How Actors With Disabilities Are Educating Casting Directors | Playbill

Special Features How Actors With Disabilities Are Educating Casting Directors Opportunity, understanding and visibility are at the core of the conversation that is changing the dynamic between casting directors and actors with disabilities.

Imagine this: You’re an actor with a disability who is going in for an audition with casting directors who have never met you. You’re afraid to let anyone know that you need special accommodations for fear of hurting relationships. At the same time, without those accommodations you might not be able to audition at all. What do you do?

“You absolutely [say something],” says Rosalie Joseph, casting director, founder of Rosalie Joseph Casting and member of the Casting Society of America’s (CSA) committee for diversity. “Actors have to advocate for themselves just as we should be advocating for them. Many times we don’t know these actors and we just call them in based on their résumé or a picture.”
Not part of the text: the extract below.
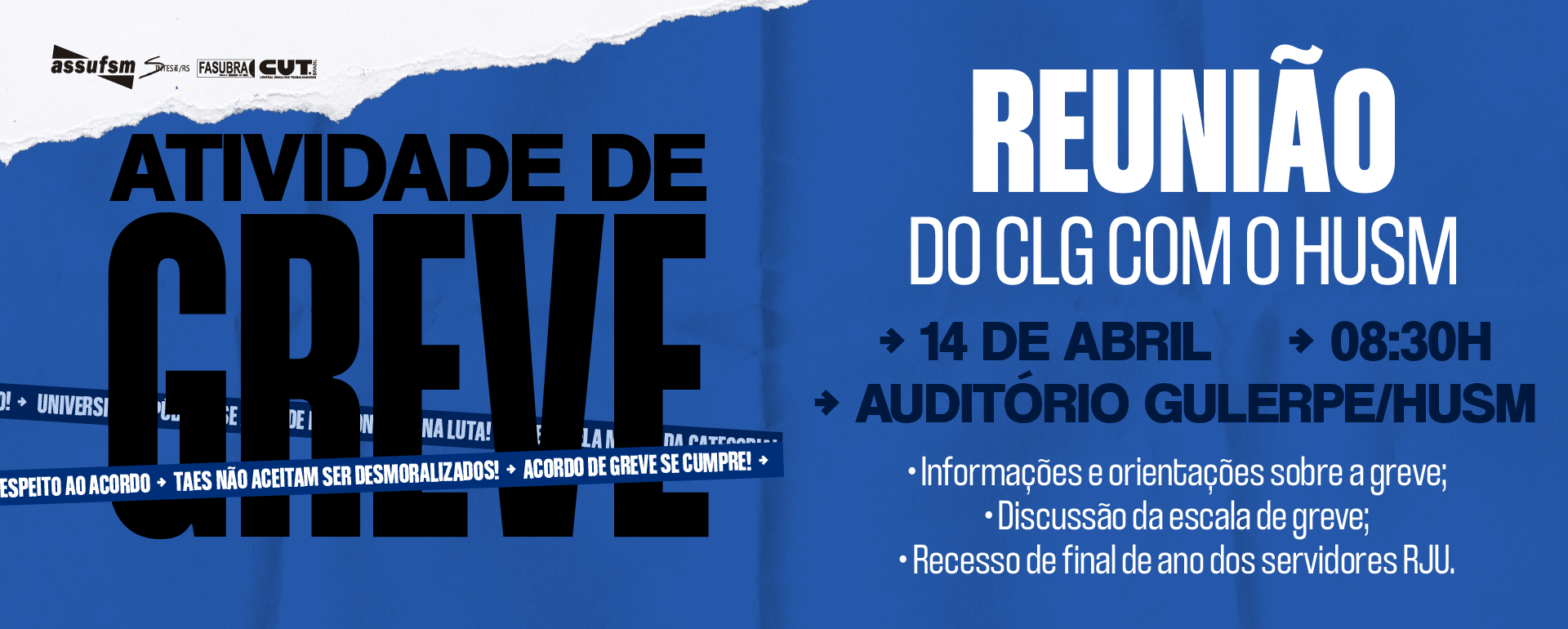 AGENDA DE GREVE DA SEMANA (13 a 17/04) ➡️ 13/04 – 9h – Reunião do CLG no lonão ➡️ 14/04 – 8h –

Joseph, along with many other casting directors and associates affiliated with CSA, has partnered with the Alliance for Inclusion in the Arts, a group that advocates for performers with disabilities, in order to present a series of conversations on accessibility and inclusion in the entertainment industry.

The conversation began in September 2015 with a town hall meeting, during which members of the casting community invited performers with disabilities to share in a discussion on how the entertainment industry can better serve them. CSA and the Alliance later presented a seminar on the “Business of the Business,” which taught the basic business skills necessary to be a performer. The initiative continued with a day of audition workshops on March 19th.

The sessions, which focused on auditioning techniques for both camera and stage work, aimed to educate members of the casting community and actors with disabilities on how they can work together to make the audition process flow as smoothly as possible.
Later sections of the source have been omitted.